Revision history for this message
Aigars Mahinovs (aigarius) wrote :

How is this not a critical bug?

~/env/bin/python -c 'import pytz; print pytz.__version__; print repr(pytz.timezone("Europe/Berlin"))'
2014.2
<DstTzInfo 'Europe/Berlin' CET+1:00:00 STD>

~/env/bin/python -c 'import pytz; print pytz.__version__; print repr(pytz.timezone("Europe/Berlin"))'
2014.3
<DstTzInfo 'Europe/Berlin' LMT+0:53:00 STD>

Revision history for this message
Stuart Bishop (stub) wrote :

@aigarius - you are displaying the timezone details at an arbitrary point in history.
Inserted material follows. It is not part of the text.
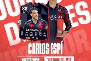 體育資訊3月28日訊 西甲官方宣布,萊萬特前鋒卡洛斯·埃斯皮當選西甲3月最佳球員。

What you are seeing is what the IANA database tells us the timezone was before Mar 31 1893 (Local Mean Time 53 minutes ahead of UTC)

Revision history for this message
Aigars Mahinovs (aigarius) wrote :

Shouldn't that have some kind of sane-er default value, such as timezone for now()? There is this common usecase:

dt = datetime(2014, 03, 01, 13, 14) # We get a datetime without a timezone from somewhere, like MySQL
dt.replace(tzinfo=tz.timezone("Europe/Berlin")) # Set the timezone to the one we know that time was set in

The other sane alternative would be to completely refuse to give a timezone for a country when point in time is not specified.

Revision history for this message
Aigars Mahinovs (aigarius) wrote :

Please change the default timepoint for timezone selection to be now(). Otherwise this is still a regression.

Changed in pytz:
status: Invalid → New
Revision history for this message
Bernhard M. Wiedemann (ubuntubmw) wrote :
Revision history for this message
nicpottier (nicpottier) wrote :

This change has broken our use cases as well. Though I can understand the rational behind saying "garbage in, garbage out" because there is no concept of "now" when asking for the timezone, it does seem like the principle of least surprise applies here and pytz should be returning the timezone for now() here all other things being equal.

Revision history for this message
Bryan Helmig (bry4n) wrote :

This was definitely a surprise to us as well. The now() default does seems smarter than a default from 100+ years ago.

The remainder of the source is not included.